During the Obama Administration, the southern border states (AZ, NM, TX), frustrated over the complete lack of meaningful federal immigration enforcement, attempted to enact various state laws dealing with the problem. Those laws were immediately challenged by open-borders activists who claimed that immigration is solely a matter of federal jurisdiction, per the Constitution. (A claim which does have legal merit, unfortunately.) And time after time after time, the federal courts agreed and invalidated the state laws which encroached on a power reserved exclusively to federal government.
Fast-forward to 2017, and the "progressives" have lost the White House and Congress, something they thought would never happen when they were making those "federal-only" legal arguments in court during Obama's term. Now they've suddenly done a complete 180-degree reversal in their arguments.
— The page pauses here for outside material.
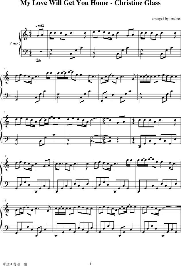 My love will get you home-钢琴谱(钢琴曲)-克里丝汀娜-Christine Glass免费钢琴谱_五线谱: 点击: 1000 图片可能经过缩放,手机长按或点开后长按保存,电脑鼠标右键保存.
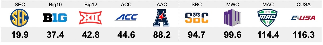 We need to find the top five-rated conferences. For this, we'll use our All-In Rankings (AIR) to determine who gets the automatic bids. We will use the highest average AIR amongst all teams in the Conference. We know the first four, though it's fun to see who comes out on top there, too, but the real test is to see which of the G5 conference champions is going to get into this field. In 2024, it was Boise State. Let's see who it is in 2025...

Now "progressives" in the Washington State government claim that immigration isn't solely a matter of federal jurisdiction after all, and the fact that the Constitution says it's so is merely an inconvenient legal speed bump to be "interpreted" around.
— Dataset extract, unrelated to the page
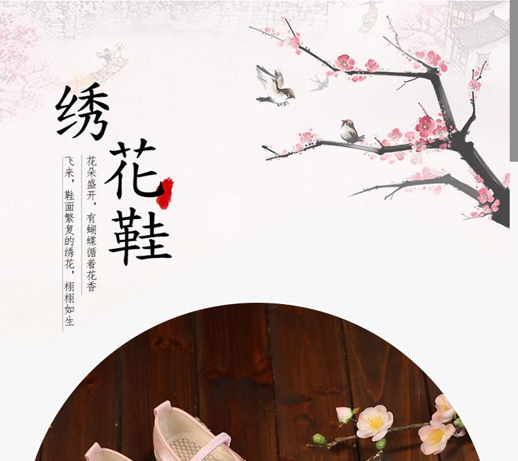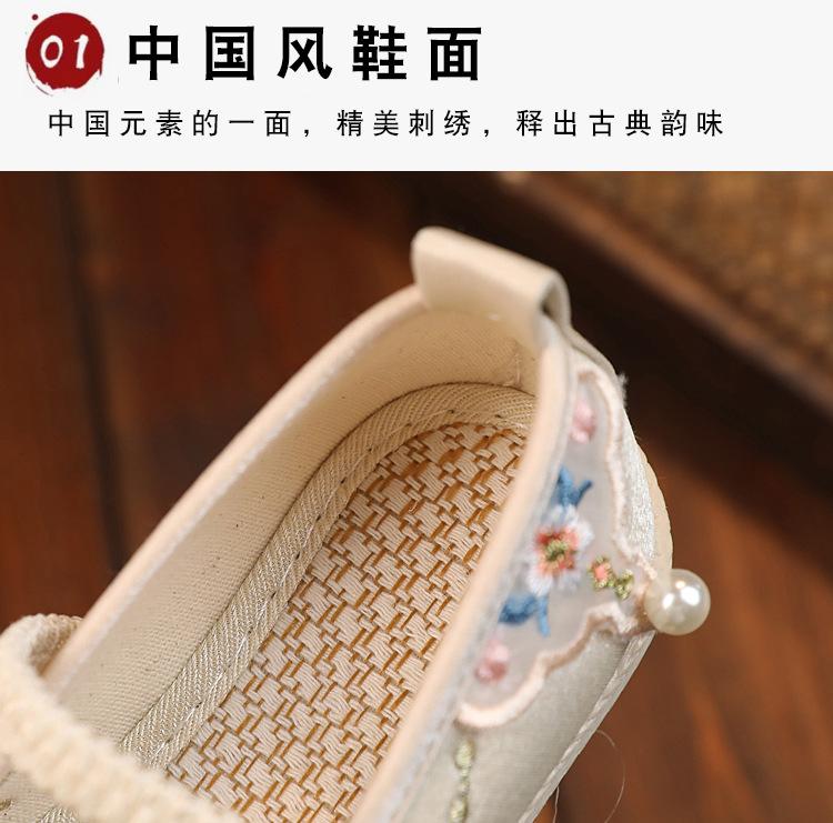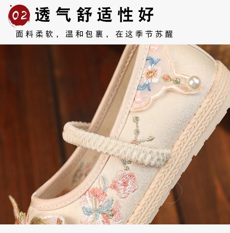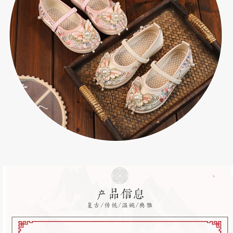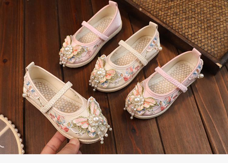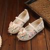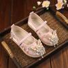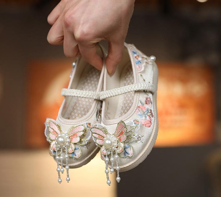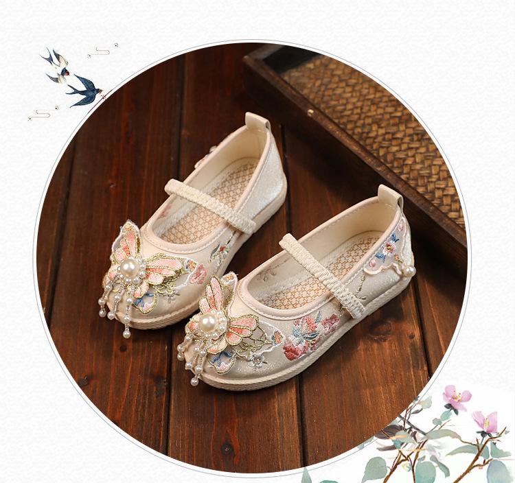 Zapatos bordados Hanfu para niñas, estilo princesa, traje antiguo, zapatos de tela antiguos de Beijing, zapatos bordados de rendimiento étnico, suela de tendón de buey, para danza infantil.

Now "progressives" claim that if a state suffers a negative impact on its business climate because of federal immigration action, it has standing to sue to stop that federal action. (Not only do they now claim to have power in the realm of immigration, they're claiming that state power *exceeds* federal power if they can show a negative impact.) Never mind they were shooting down those very arguments from the border states as little as three years ago, calling them absurd and without legal merit.
The blatant hypocrisy on this issue is truly stunning to behold. Politicians have always been hypocrites but they usually don't parade it around quite so nakedly like this.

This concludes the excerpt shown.